The structure is as follows:
0x55 Lead
0x3C Block Begin
0x?? Block Type
0x?? Block size
Size bytes of data
0x?? CRC
0x55 Trailing byte
So, most probably, the script isn't counting on the CRC byte and does mistake it for a data byte.
you're right.
Now I doubt the correctness of the block 'header' I have seen in the CAS files:
55,55,55,3C,01,FF
Assuming the first $55 is the trailing byte of previous block ...
There is an extra $55 if the header of data blocks has only a lead $55 byte, or am I wrong?
But there are 90% of files that despite that extra $55 are well loaded into Orchestra90cc
Now that is fooling me!
Acording to this data structure, a block consists of 255 bytes + 6 extra bytes
So the distance between the beginning of consecutive blocks must be:
$FF + 6 = $105 bytes
But if you look at the CAS files generated by the perl script, the blocks are extacly $106 bytes apart
that is to say 105 plus the extra $55 byte ...

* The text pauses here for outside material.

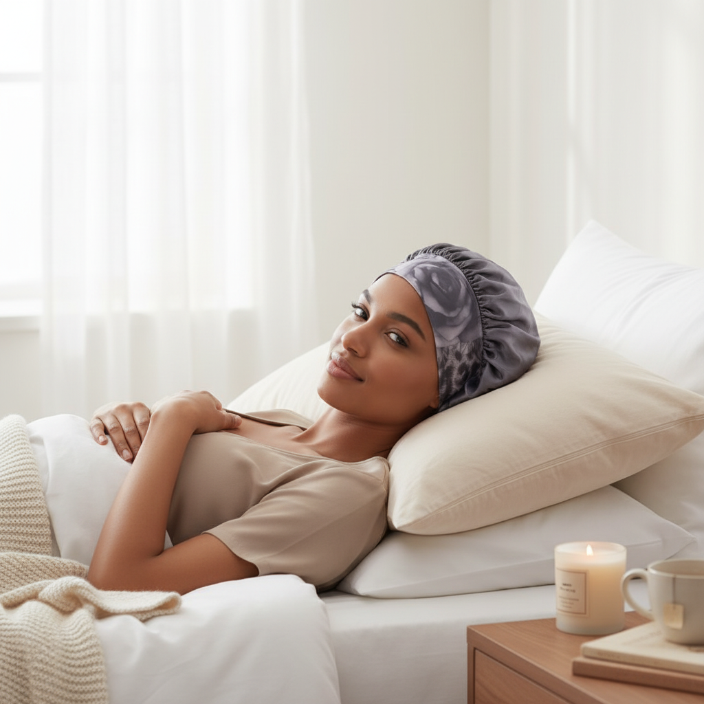 Découvrez la qualité et le réalisme de notre Bonnet En Satin Gris Imprimé De Nuit. Parfaite pour s’entraîner à la coiffure, développer sa créativité et réaliser des styles variés comme en salon professionnel.

Should I believe that the data input routine wil skip any byte untill it finds the synchronisation byte $3C?
This is the only explanation I can find to this numbers difference.
Anyway, even if the CRC is well calculated, the data in the example I chose is missinterpreted ...
This needs a whole revision of that file from the beginning
I think that I am going to verify it with a Java app, because manually is annoying for such an amount of bytes.